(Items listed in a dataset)
********
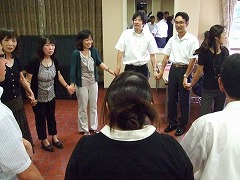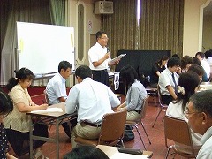 体を動かし、体験しながら、研修を進めていただいたので、あっという間の2時間でした。受講者も、学級づくりや生徒同士のコミュニケーションを高めるためのアクティビティーを体験したり、実際に協同学習を体験したりして、よさを実感することができました。また、今後の学習指導や学級づくりなどに、たいへん参考になり、活かしてみようという参加者の意欲にもつながりました。
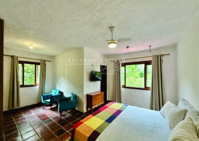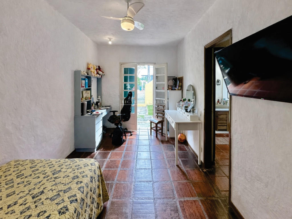 - 4 suítes, 3 planejadas com closets e ventiladores, uma com porta balcão para o quintal, a master com saleta e 1 ste no piso inferior para hóspedes ou serviço.
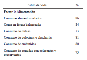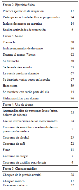 Por otra parte, en la escala de estilos de vida, por medio de un análisis de componentes principales realizado en el presente estudio, se identificaron cinco factores: alimentación, actividad física, hábitos de sueño, uso de drogas y chequeos médicos. Al evaluar la respuesta en cada ítem, se obtuvo en la muestra hábitos inadecuados de alimentación, frecuencia de actividad física muy baja, así como pocos chequeos médicos, aunque son más activos al implementar otras conductas preventivas. Por otro lado, el reporte de los hábitos de sueño coincide con los reportados en la escala de síntomas físicos, donde se encontró que los estudiantes presentan diferentes problemas de sueño. El factor con mejores resultados es el de consumo de drogas, que tiene una frecuencia muy baja, aunque un 75 % se automedica (tabla 2).
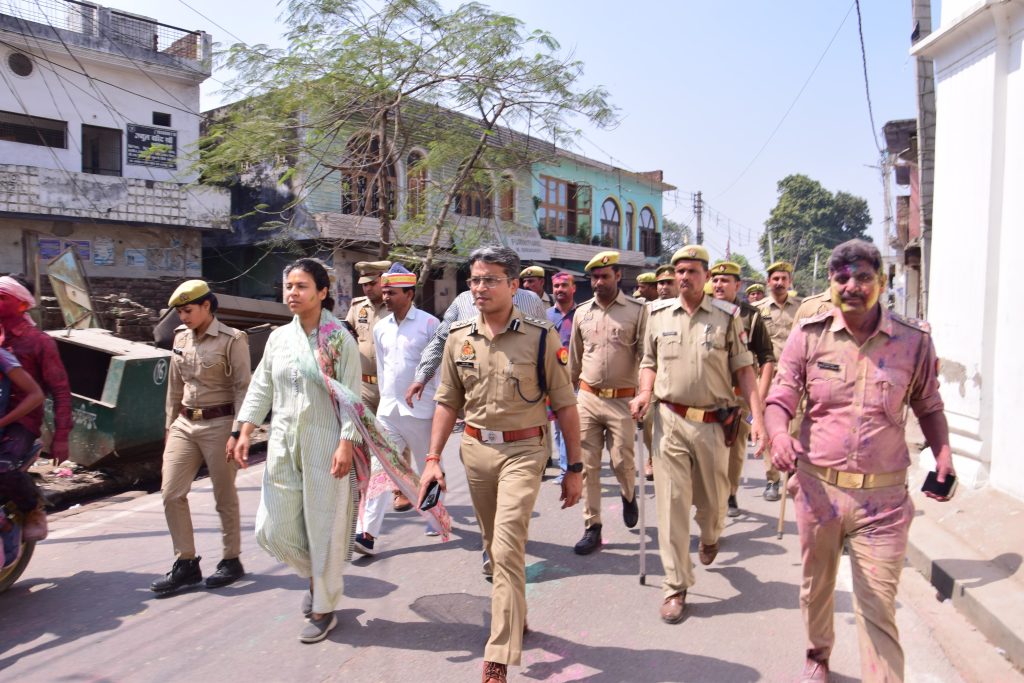 लखीमपुर खीरी 14 मार्च होली और रमजान में जुमे की नमाज एक ही दिन पड़ने के मद्देनजर जिला प्रशासन ने शांति और सुरक्षा व्यवस्था को चाक चौबंद रखा होली का पव ओर जुमे की नमाज को सकुशल सम्पन्न करने के उद्देश से सुबह से ही पुलिस प्रशासन पूरी तरह अलर्ट और सड़कों पर मुस्तैद दिखी ।डीएम दुर्गा शक्ति नागपाल ओर एसपी संकल्प शर्मा स्वयं सड़कों पर निकले और होली मना रहे लोगों को शुभकामनाएं दी ।
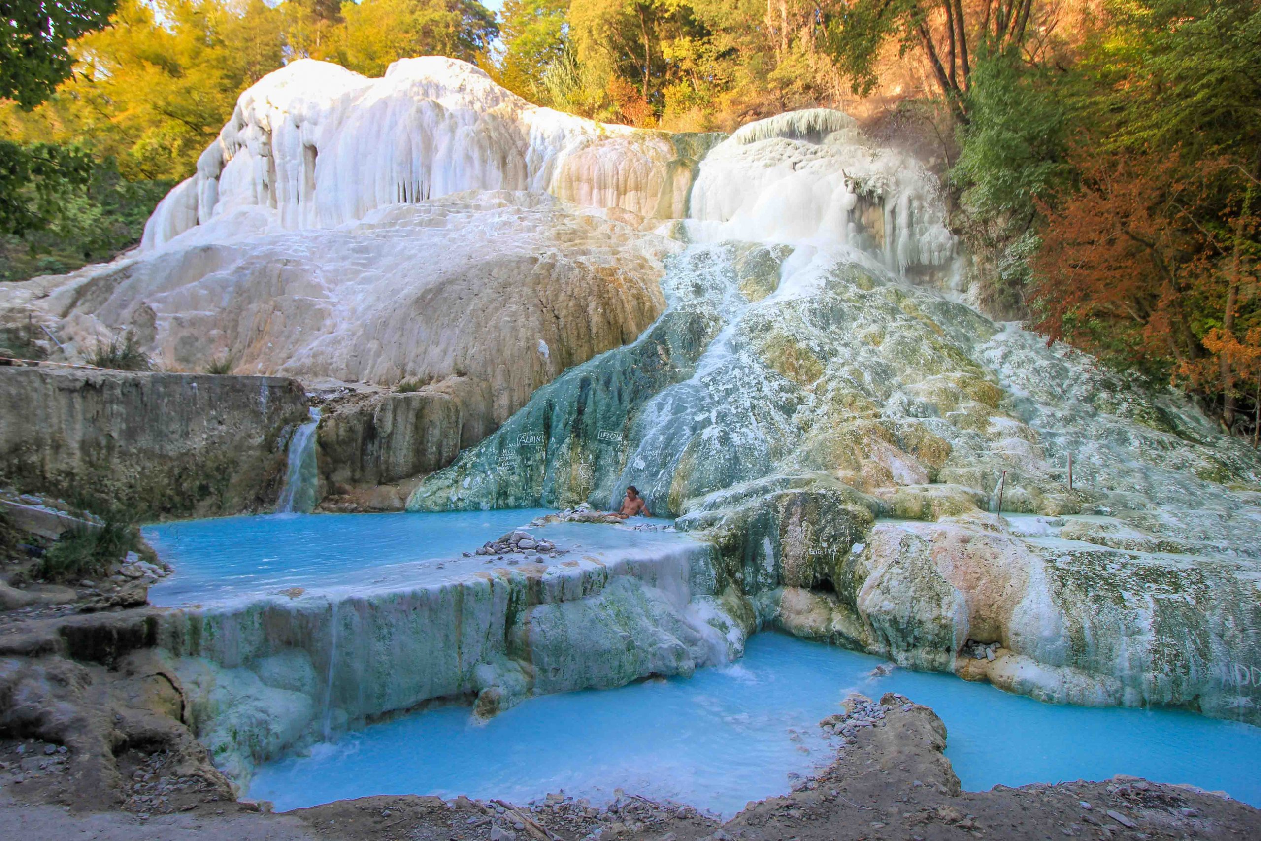 Die heiße Quelle bei Bagni San Filippo ist ein echter Geheimtipp für einen Urlaub im Val d’Orcia. Sie gilt als das älteste natürliche und zugleich von Menschen genutzte Heilbad der Welt, das direkt aus einer heißen Quelle gespeist wird. Man vermutet, dass in dieser Quelle bereits die Etrusker und die Römer gebadet haben. Wunderschön ist vor allem der Flusslauf mit den Naturbecken direkt im Wald, wo versinterte weiße Kaskaden für ein fabelhaftes Ambiente sorgen. Hier badet man direkt in einem heißen Fluss, im sogenannten Fosso Bianco und genießt dabei eine märchenhafte Ruhe! Wir waren mehrmals hier und fanden den Besuch am frühen Morgen am angenehmsten, bevor es voller wird.
********
For your answer, write out the data exactly and drop every picture.

 体を動かし、体験しながら、研修を進めていただいたので、あっという間の2時間でした。受講者も、学級づくりや生徒同士のコミュニケーションを高めるためのアクティビティーを体験したり、実際に協同学習を体験したりして、よさを実感することができました。また、今後の学習指導や学級づくりなどに、たいへん参考になり、活かしてみようという参加者の意欲にもつながりました。
 - 4 suítes, 3 planejadas com closets e ventiladores, uma com porta balcão para o quintal, a master com saleta e 1 ste no piso inferior para hóspedes ou serviço.
 Por otra parte, en la escala de estilos de vida, por medio de un análisis de componentes principales realizado en el presente estudio, se identificaron cinco factores: alimentación, actividad física, hábitos de sueño, uso de drogas y chequeos médicos. Al evaluar la respuesta en cada ítem, se obtuvo en la muestra hábitos inadecuados de alimentación, frecuencia de actividad física muy baja, así como pocos chequeos médicos, aunque son más activos al implementar otras conductas preventivas. Por otro lado, el reporte de los hábitos de sueño coincide con los reportados en la escala de síntomas físicos, donde se encontró que los estudiantes presentan diferentes problemas de sueño. El factor con mejores resultados es el de consumo de drogas, que tiene una frecuencia muy baja, aunque un 75 % se automedica (tabla 2).
 लखीमपुर खीरी 14 मार्च होली और रमजान में जुमे की नमाज एक ही दिन पड़ने के मद्देनजर जिला प्रशासन ने शांति और सुरक्षा व्यवस्था को चाक चौबंद रखा होली का पव ओर जुमे की नमाज को सकुशल सम्पन्न करने के उद्देश से सुबह से ही पुलिस प्रशासन पूरी तरह अलर्ट और सड़कों पर मुस्तैद दिखी ।डीएम दुर्गा शक्ति नागपाल ओर एसपी संकल्प शर्मा स्वयं सड़कों पर निकले और होली मना रहे लोगों को शुभकामनाएं दी ।
 Die heiße Quelle bei Bagni San Filippo ist ein echter Geheimtipp für einen Urlaub im Val d’Orcia. Sie gilt als das älteste natürliche und zugleich von Menschen genutzte Heilbad der Welt, das direkt aus einer heißen Quelle gespeist wird. Man vermutet, dass in dieser Quelle bereits die Etrusker und die Römer gebadet haben. Wunderschön ist vor allem der Flusslauf mit den Naturbecken direkt im Wald, wo versinterte weiße Kaskaden für ein fabelhaftes Ambiente sorgen. Hier badet man direkt in einem heißen Fluss, im sogenannten Fosso Bianco und genießt dabei eine märchenhafte Ruhe! Wir waren mehrmals hier und fanden den Besuch am frühen Morgen am angenehmsten, bevor es voller wird.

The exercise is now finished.